# Salesperson percentage & Marketing plan?



## ironhead (Dec 28, 2005)

Hi, I would like to hear some input on a marketing strategy that I'm thinking of putting forth.

My partner and I are in the screenprinting business part time (5 months now). We have been fairly succesful getting some orders and such, but as everybody does, we'd like to get even more accounts. We both have other fulltime day jobs but would like to make screen printing become a regular job instead.

It's hard to promote ourselves on a regular basis because we are so busy during the day with work. However we have this friend that is a real good (people person), and we are thinking to ask him if he would like to become a sales person for us. He has much more free time on his hands than we do.

Our plan is to give our buddy his own business cards and he would go around on his own time and try and sell 10 shirts on consignment to local places that get everyday customer traffic (night clubs and etc..) 
Me and my partner front the cost and labor for 10 shirts and when the local business sells out we make them buy a larger quantity with no more consignment deals.
I like the consignment deal upfront because it would make the customer less worried to buy, I think, and 10 shirts would sell quickly we think.

We'd like to pay our buddy a commision on the sales he makes.
What we wonder is, How much of a % should we pay him? Does 10% sound reasonable for each new account he finds? (Ex. Sell 10 shirts for 100.00, he makes 10 bucks.)
Also should we be required to keep paying him a percentage on re-orders from the same account that he initially found us for each time that they order more shirts. Even if they go straight threw me and my partner next time?

Any thoughts or advice is appreciated
Thanks


----------



## binsky5 (Mar 23, 2007)

From being in sales for years if you want a long term relationship with this person then anything that comes from an account he opens up he should continue getting paid on. It will not be in his interest to open an account for 10% unless he gets to contine earning from that account. The plus to you is that he will continue to maintain a relationship with that client and bring new things to them. It really is more win win that way. You want him to have the potential to make a lot of money as well. More money means more selling at all ends.


----------



## ironhead (Dec 28, 2005)

That makes much sense. Thank you.

Any input on what a fair percentage may be to the sales person involved?


----------



## htt117 (Aug 31, 2006)

I agree that you want to keep the salesperson in contact with existing customers that they have developed and keep locating new customers at the same time. In one of my careers, I sold industrial chemicals. Our commission system had tiers. There was a rate of 10% for new orders and reorders for a six month period. The rate dropped to 5% after that and 1% after three years. Orders for new or different products at one of the existing customer plants were treated as new orders. This kept the sales staff interested in devloping new products with their customers.

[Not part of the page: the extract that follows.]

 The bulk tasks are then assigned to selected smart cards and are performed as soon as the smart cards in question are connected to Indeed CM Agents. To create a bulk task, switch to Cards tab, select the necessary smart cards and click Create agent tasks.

The key is to make the compensation plan act as an incentive for exactly what you are trying to achieve. For example, if volume is your goal, base the commission on the total value of the sale. If increasing margin by upselling to key products is your goal, then base the commission on margin not total sales amount. The sales staff then has more incentive to move toward higher margin products with the customer.

It's a good plan, just tweak it to match what you want.

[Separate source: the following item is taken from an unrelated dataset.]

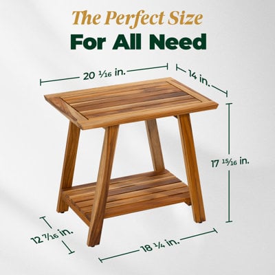 The 2-tiered wooden shower shelf can serve as bothteak shower organizer and a shower foot rest for shaving legs. With a sleek and compact design, our double layer bathroom storage fits seamlessly into any corner. The rich, warm tones of the teak shower shelf add a touch of elegance to the entire room, creating a serene and spa like ambiance.

You may also want to consider a non-compete agreement with your salesperson. If they get good, they (and your customer list) will be recruited by your competitors.

Jim


----------



## Rodney (Nov 3, 2004)

ironhead said:


> That makes much sense. Thank you.
> 
> Any input on what a fair percentage may be to the sales person involved?


While you're waiting for answers in this thread, if you check out the search, there have been some recent topics with some percentages shared. I think if you search the forums for sales rep, you should find some good info.


----------



## htt117 (Aug 31, 2006)

If your margin is 50% then every dollar of sales should give you $0.50 in incremental margin. At 12.5% commission on total sales, you are paying 25 cents for every dollar of incremental margin. I'd pay someone a quarter to bring me a dollar as often as he can do it.

Jim


----------